Below are records; reproduce exactly the lines from the one that has "Residents shop at" through the one that has "Just to be clear, in", ends included, and nothing more.

▶ INPUT DATA
········

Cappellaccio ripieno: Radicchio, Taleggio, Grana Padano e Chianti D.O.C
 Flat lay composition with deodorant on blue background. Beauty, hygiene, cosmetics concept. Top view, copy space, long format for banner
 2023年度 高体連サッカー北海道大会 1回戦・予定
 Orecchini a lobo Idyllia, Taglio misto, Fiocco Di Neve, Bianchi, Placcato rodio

········

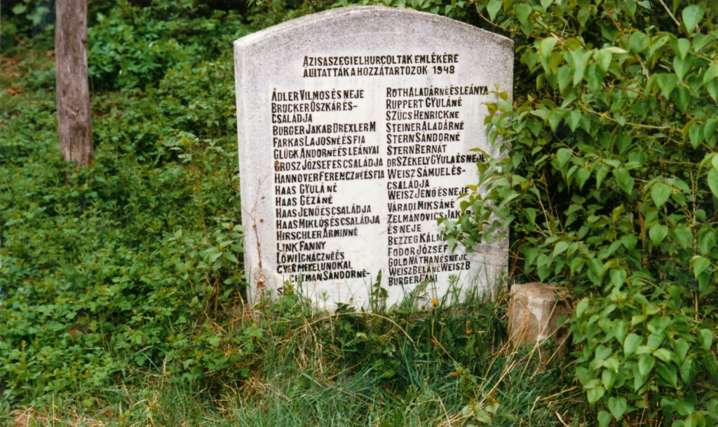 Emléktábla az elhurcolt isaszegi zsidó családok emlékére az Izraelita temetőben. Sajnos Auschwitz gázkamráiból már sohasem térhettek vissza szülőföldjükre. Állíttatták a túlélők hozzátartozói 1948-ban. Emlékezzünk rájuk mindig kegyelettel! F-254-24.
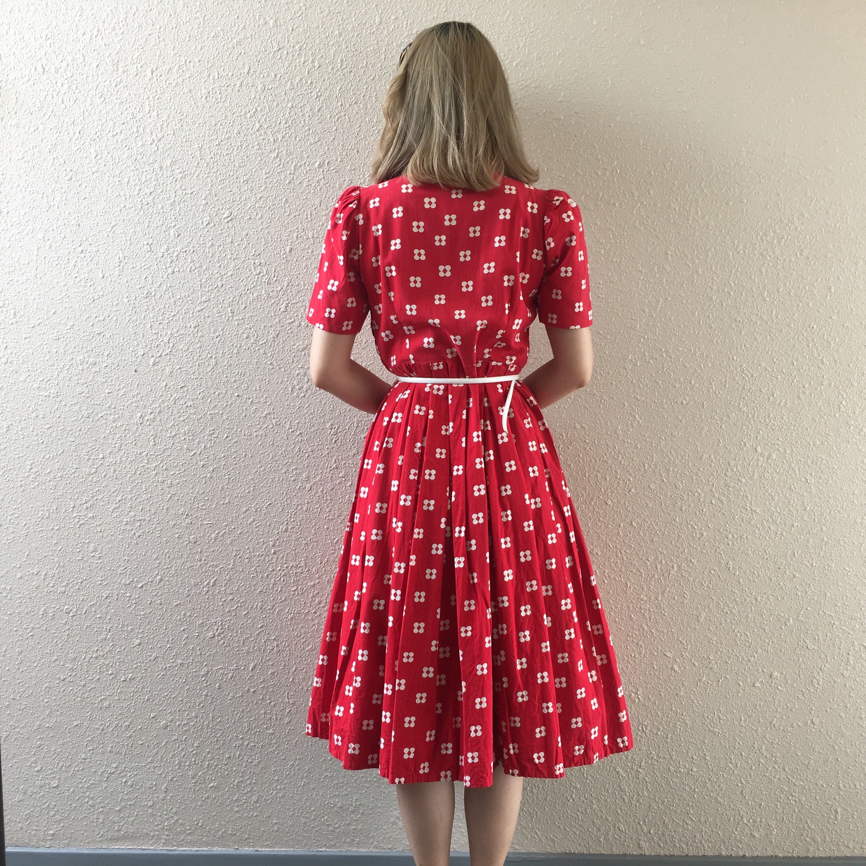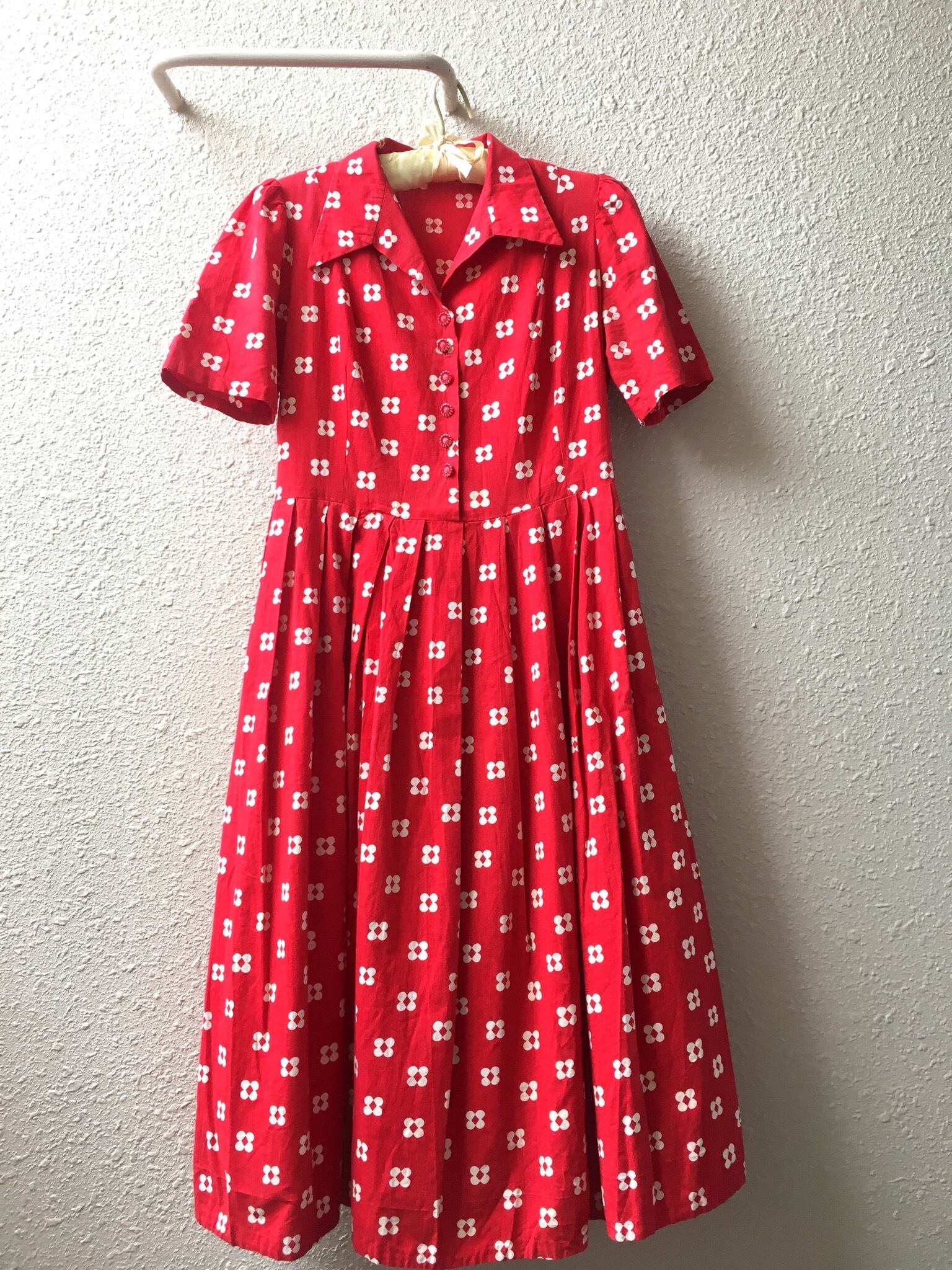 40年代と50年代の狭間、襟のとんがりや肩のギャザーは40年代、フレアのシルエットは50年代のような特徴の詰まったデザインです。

········

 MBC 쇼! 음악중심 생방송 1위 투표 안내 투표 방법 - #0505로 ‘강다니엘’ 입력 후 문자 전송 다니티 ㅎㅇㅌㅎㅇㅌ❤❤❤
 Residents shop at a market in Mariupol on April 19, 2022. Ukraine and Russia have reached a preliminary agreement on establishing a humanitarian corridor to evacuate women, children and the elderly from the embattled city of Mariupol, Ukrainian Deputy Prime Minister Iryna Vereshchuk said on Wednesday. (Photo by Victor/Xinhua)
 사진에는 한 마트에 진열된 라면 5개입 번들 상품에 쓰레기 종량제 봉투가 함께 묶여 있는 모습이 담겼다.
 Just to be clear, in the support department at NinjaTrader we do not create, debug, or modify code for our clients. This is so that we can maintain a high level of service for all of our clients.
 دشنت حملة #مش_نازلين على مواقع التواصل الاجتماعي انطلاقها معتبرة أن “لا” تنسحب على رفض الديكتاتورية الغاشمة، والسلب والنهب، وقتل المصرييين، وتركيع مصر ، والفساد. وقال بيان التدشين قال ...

········

▶ TASK RESPONSE
 Residents shop at a market in Mariupol on April 19, 2022. Ukraine and Russia have reached a preliminary agreement on establishing a humanitarian corridor to evacuate women, children and the elderly from the embattled city of Mariupol, Ukrainian Deputy Prime Minister Iryna Vereshchuk said on Wednesday. (Photo by Victor/Xinhua)
 사진에는 한 마트에 진열된 라면 5개입 번들 상품에 쓰레기 종량제 봉투가 함께 묶여 있는 모습이 담겼다.
 Just to be clear, in the support department at NinjaTrader we do not create, debug, or modify code for our clients. This is so that we can maintain a high level of service for all of our clients.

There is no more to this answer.